Gerry Fink the scientist said that I deleted the information about scale. And he’s right. But it’s worth it.



John: This is a non-enhanced black line that you have to stand on Felice.
There’s about 25 discussions there that we could have, face in the direction of that light. There’s some things we can talk about more in the panel, but a couple of things that cropped up. You say that one of the questions is that you’re making things look beautiful. Does that encourage us to be critical about science, or does it encourage to admire it and say, ‘That looks really nice!’
Felice: I’m not making it look beautiful, I’m not being coy here. I don’t think I’m doing a incredible manipulation here. Science is beautiful. I know that beautiful is not a word that is popular these days, I’m in another generation from you. (laughter) Don’t be afraid of the beauty of this stuff. It’s there, I’m just editing it down so you can see it, I’m abstracting it more. But I think it’s about engaging the public to look at what I’m doing. By the way, every time I do manipulate, and we’re all manipulating aren’t we, just by framing, is a manipulation, I say so in the caption and that what removes me from the artist who doesn’t have to tell you what they’re doing, I always tell you what I’m doing.
John: There was a few indirect references to the scientists maybe not welcoming you or the light that you’re shining on their work. It’s a recurrent theme here. Architects, we drag them kicking and screaming into forms of representation that non-architects can understand. We’ve had the discussion about dashboards this morning, about data that can firstly, not lie, but secondly data and information that can encourage people to interact with it.
How can one interact with one of those images critically?
Felice: Well I have to tell you initially, you can imagine being on campus introducing myself to these people and asking, ‘Can I come to your lab?’ What does this woman want? But ultimately, they are beating my door down right now, because I am taking their baby pictures in a way and I am hungry to invite other people on campus to do the same, animation and all that. I think that by creating an image that allows accessibility to people who do not know science, who at least can start looking and asking questions. It is in the picture that enables us to ask questions, it’s a way of asking those questions, whether or not this is for real!

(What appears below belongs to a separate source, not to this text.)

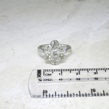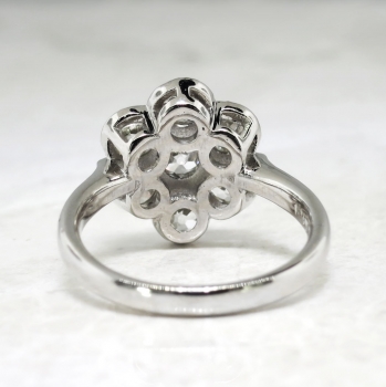 This bold and glittering cocktail ring is a mix of something old and something new! This vintage (Circa 1990's) handmade platinum statement ring has 1.33ct t.w. of chunky old mine cut diamonds with milgrain bezel accents in a flower motif. This ring can be worn as an alternate engagement ring, unique anniversary ring, or for any occasion! The diamonds are graded H-K color, SI1-I1 clarity, and have unbelievable brilliance (hard to convey with the photographs). Each diamond was hand cut over 100 years ago and mismatched for a gorgeous artistic flair. The central diamond weighs approximately .46cts, and the six surrounding diamonds have a combined carat weight of approximately .85ct t.w.. This ring has a grand total diamond weight of 1.33ct t.w.. This ring weighs a solid 8 grams and is currently a finger size 6.75. My trusted jeweler can safely re-size this up to four sizes or down to two sizes free of charge, just ask! I can email a retail replacement insurance appraisal upon completion of sale, just ask! Questions are welcomed on Ring-1533.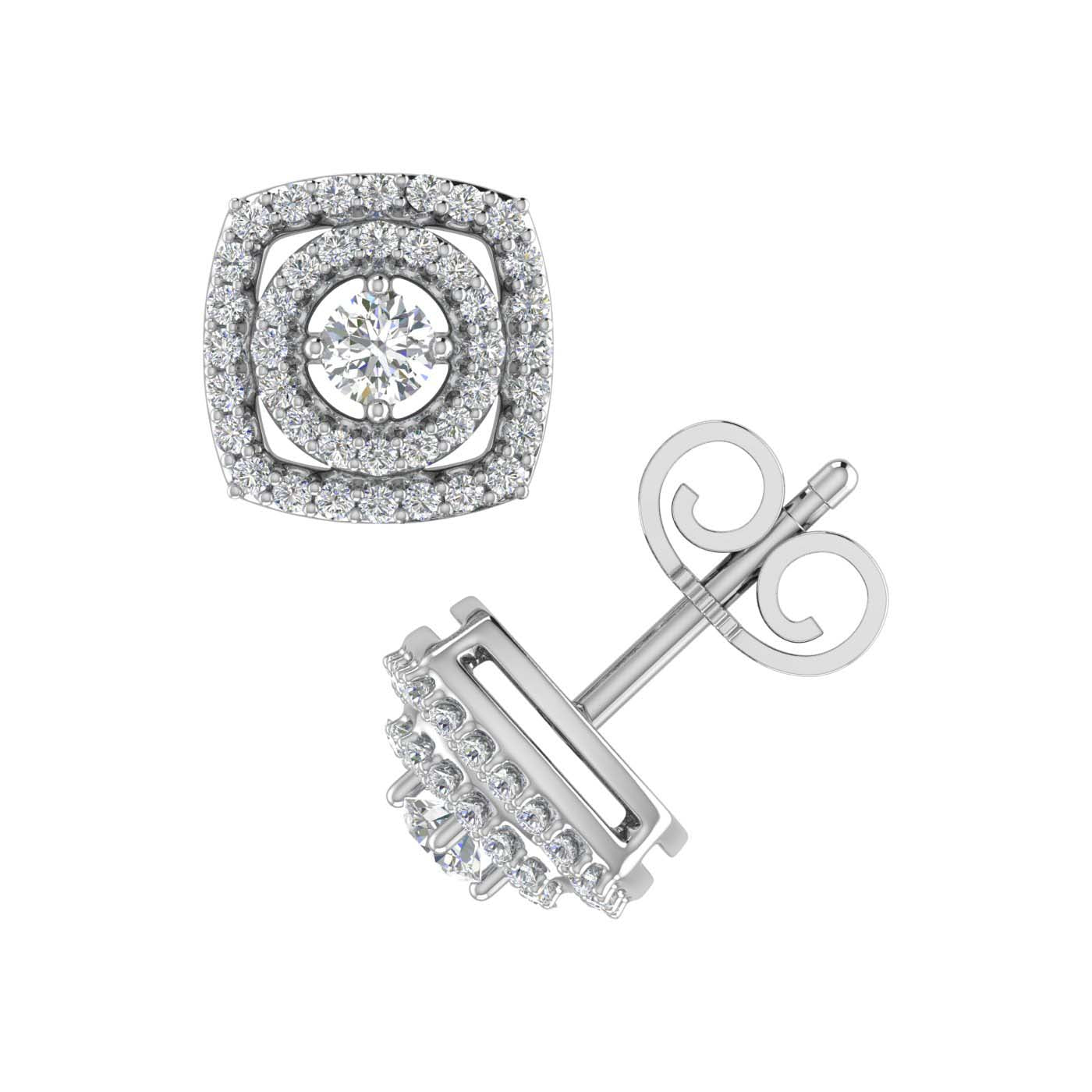 These amazing 1/2 carat cushion-shaped round diamond stud earrings are made in 14K gold. This unique piece of jewelry shouldn't be left. Featuring natural white diamonds that are IGI Certified, this prong set beautiful stud earring is surely going to get freshness to your collection.

John: But they’re beating down your door because they want to be on the cover of Vanity Fair, or whatever science is called nowadays!
Felice: I am not embarrassed to say that I am selling science, I’m selling good science, I like to think that’s what’s going on in the labs of MIT, I’m a sales person and it’s just that I happen to be in love with what I’m selling. It’s OK with me.

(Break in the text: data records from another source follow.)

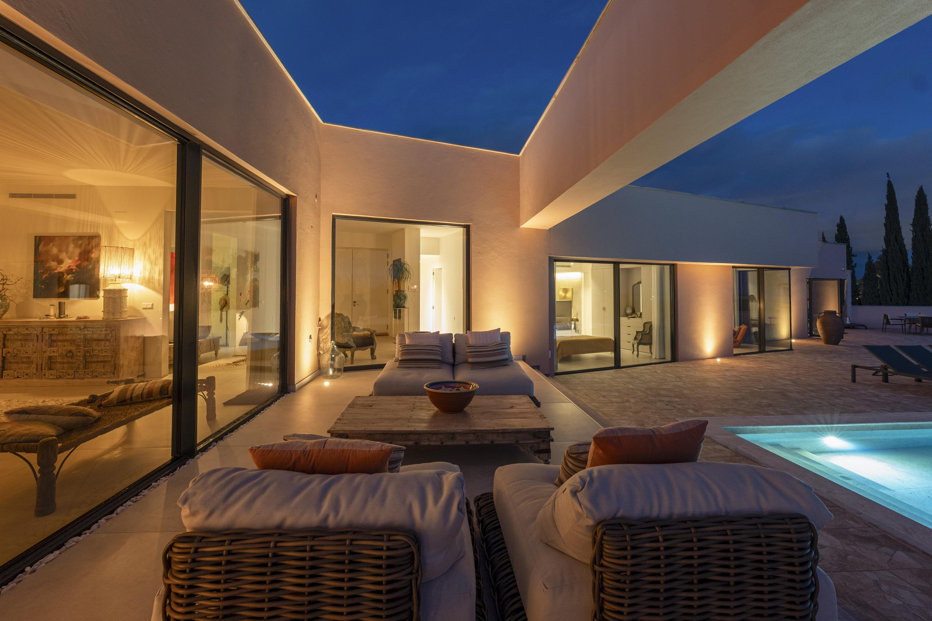 The newly landscaped garden has been thoughtfully designed to complement the villa’s architecture and natural surroundings. Mediterranean planting, mature olive trees and sculptural rock formations are paired with soft architectural lighting to create atmosphere and depth. A heated 14-meter saltwater pool with automatic AbriBleu solarpanel roll deck and outdoor JeeO shower form the centerpiece of this serene environment. Multiple terraces offer places for sun, shade and privacy throughout the day. As evening falls, the garden transforms into a warmly illuminated retreat — refined, intimate and deeply peaceful.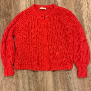 Chic and cozy red cardigan. Features button-up front. Ideal for layering. Worn once!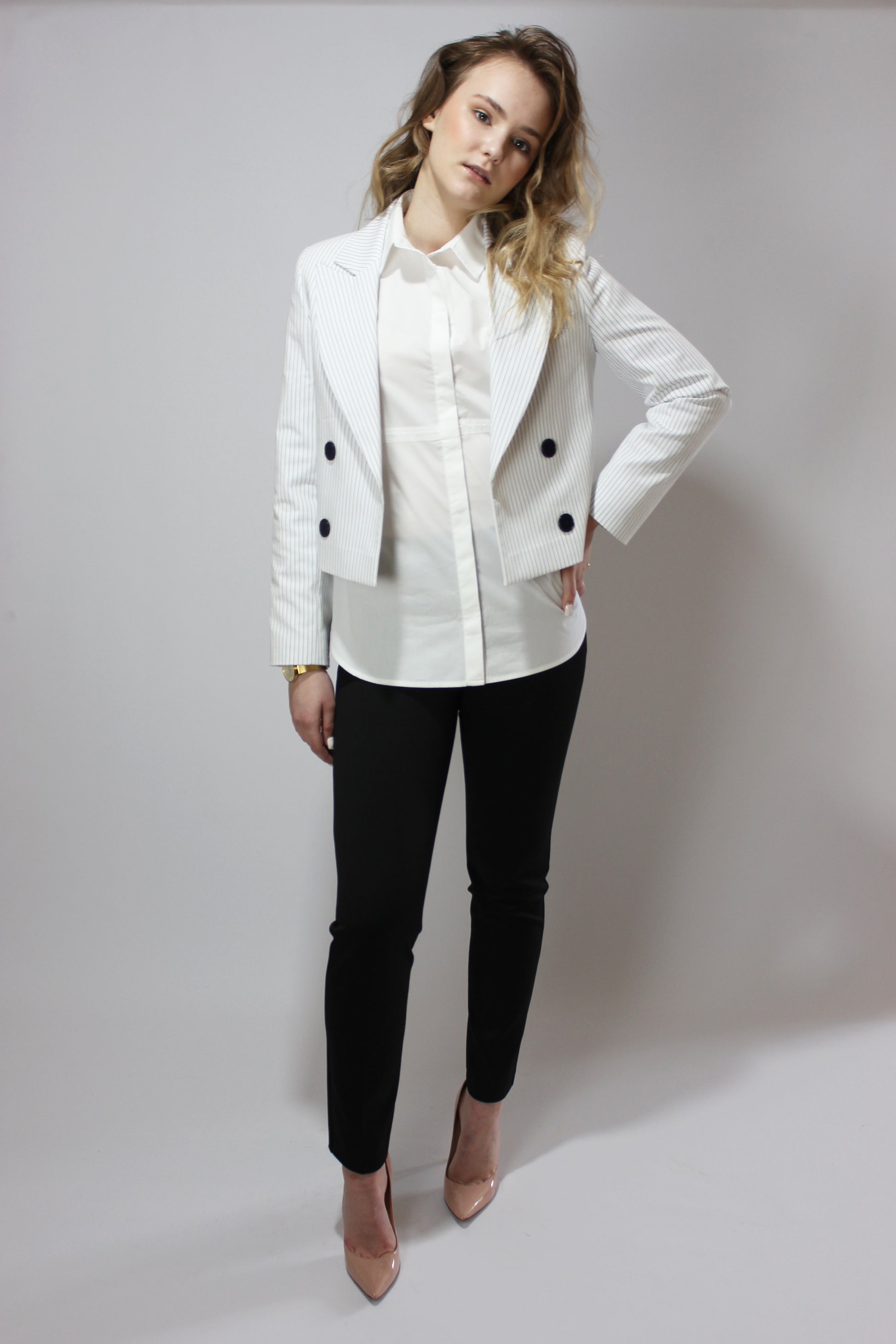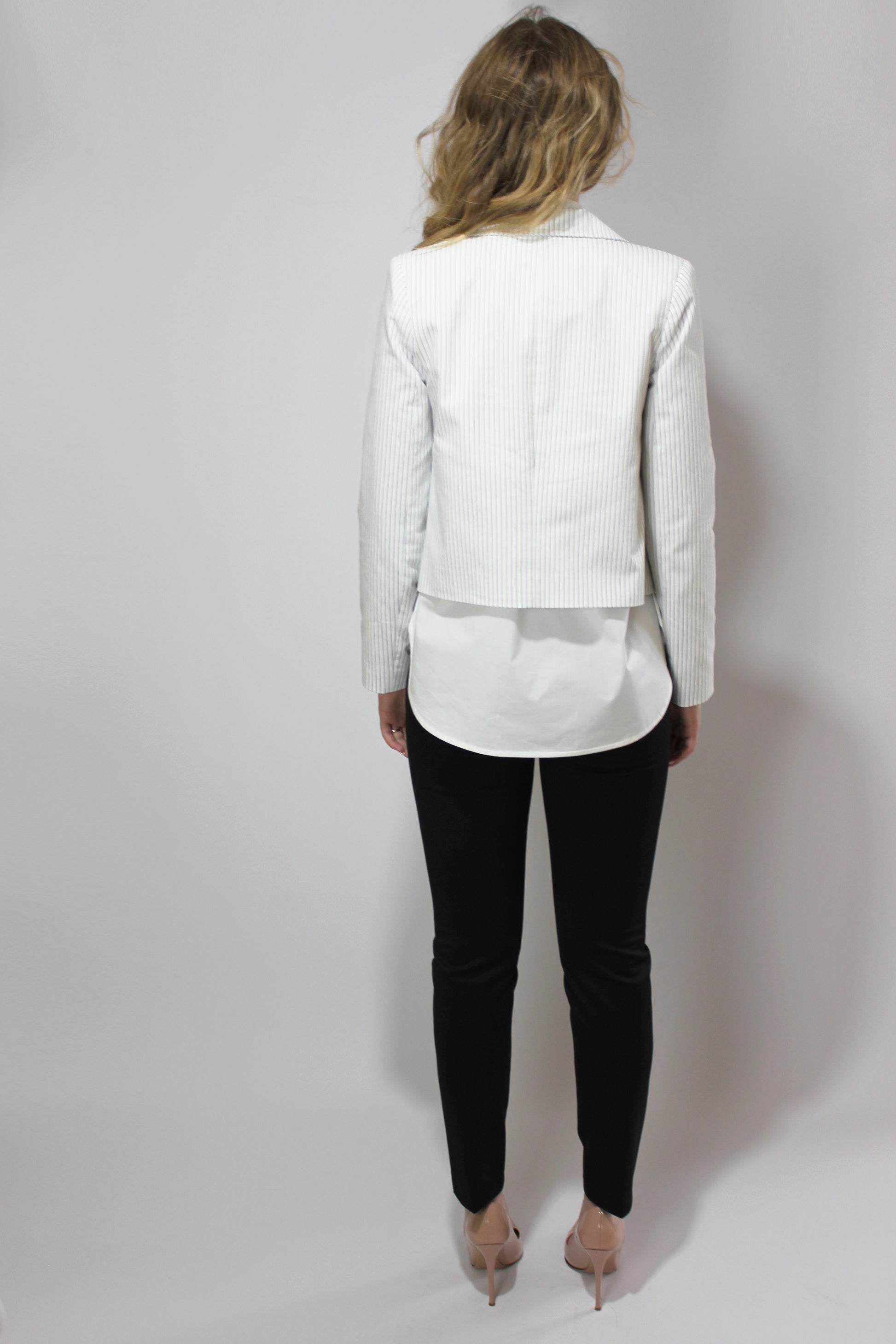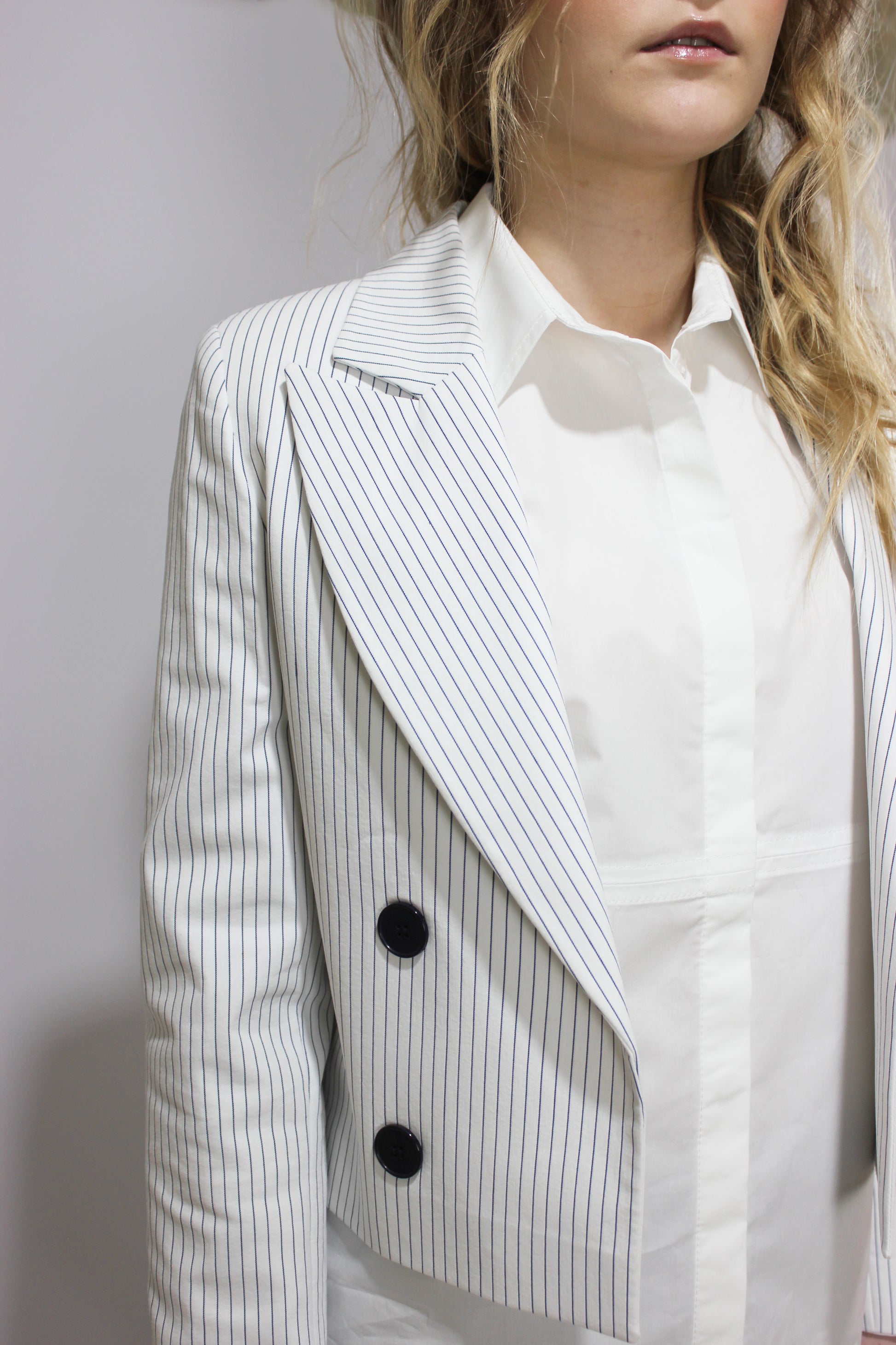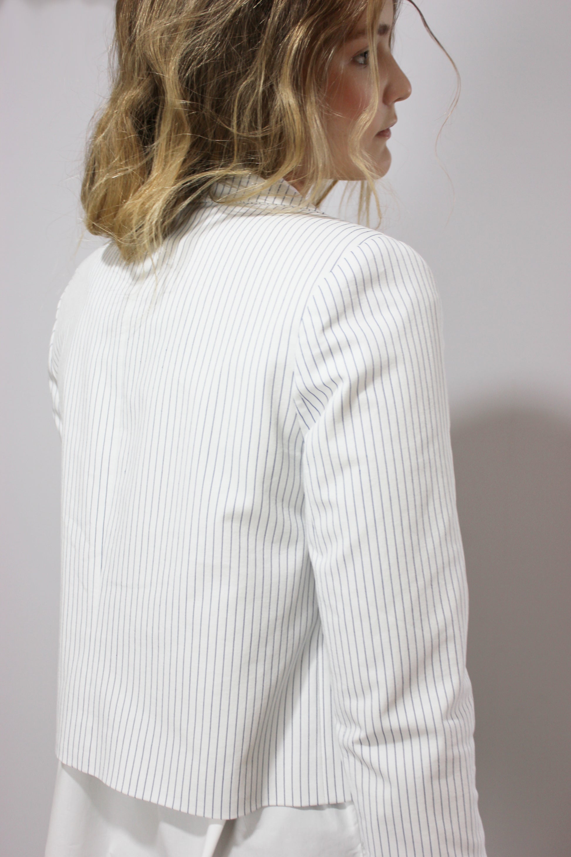 Идеальный летний хлопковый пиджак с большим элегантным лацканом, темно-синими пуговицами и тонкими синими полосками. Декоративные пуговицы, пиджак предназначен для ношения расстегнутым. Укороченная длина, длинные рукава, без карманов.

John: But if that bacteria is going to kill you, should you not make it look a bit more scary?
Felice: That bacteria is not going to kill you. Actually that flower is yeast and it’s all over the place.

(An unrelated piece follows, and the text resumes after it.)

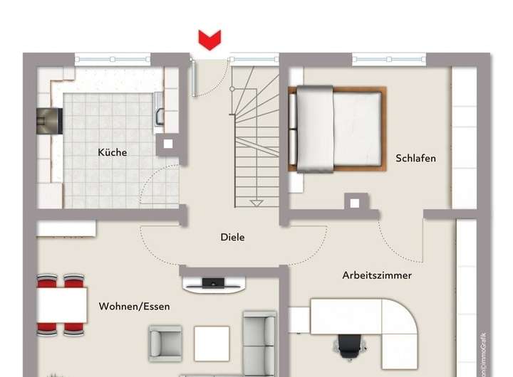 Vom Haupteingang des Hauses gelangt man ebenerdig zu den Räumen des Erdgeschosses. Hier befinden sich ein heller Wohn-/Essbereich, ein ebenfalls helles Arbeitszimmer, ein gut einzurichtendes Schlafzimmer und die praktische Küche. Über eine Holztreppe gelangt man zum DG des Einfamilienhauses, hier wurde ein Zimmer bereits als Hobbyraum ausgebaut und ist an den Heizkreislauf angeschlossen. Der Rest des Dachgeschosses kann als Abstellbereich genutzt werden.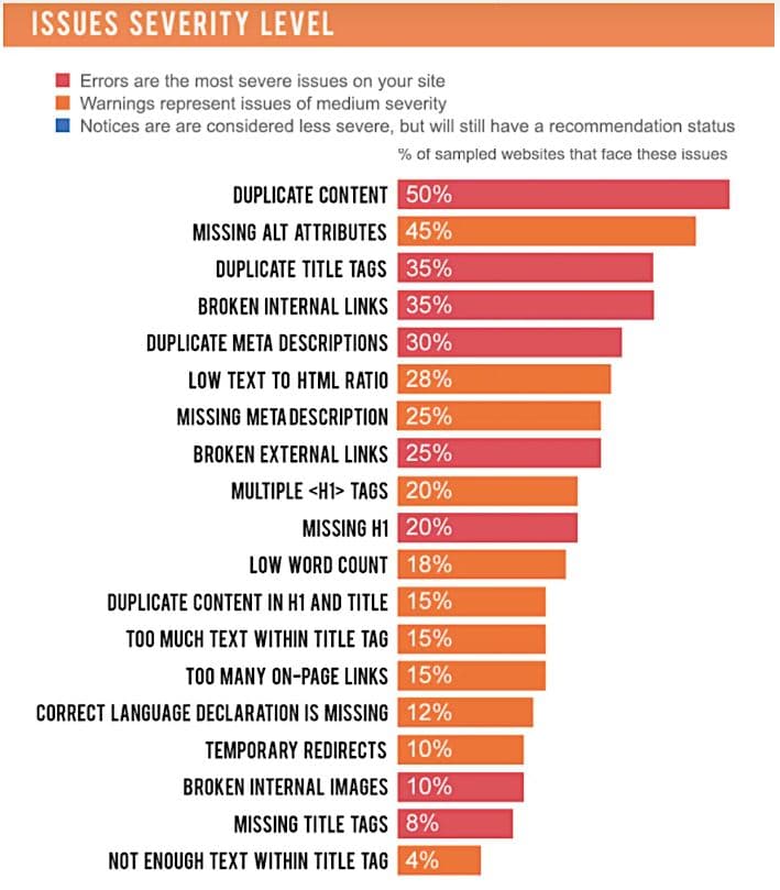 Les erreurs courantes de référencement sur le site énoncées ci-dessous :

John: So it’s going to make you fat, which is the same thing.
Felice: But aren’t you interested in why those patterns are growing? I’m fascinated, they don’t know what the hell’s going on, I don’t know what’s going on but surely they’re asking and I think that’s kind of fun.
John: I’m fascinated, but I want to know what I should do about it.
Felice: Well you can’t figure that out until you first figure out the basic questions, ‘What am I looking at?’ And then you can start asking the deeper questions, I want to get you to start asking questions in an intelligent way (lots of laughter) and if I can do that….
John: we’ll continue this over the wine tonight and I’m very fascinated by the maringoni effect, which is a l about crying into your wine as far as I can see. Felice, we’ll see you later.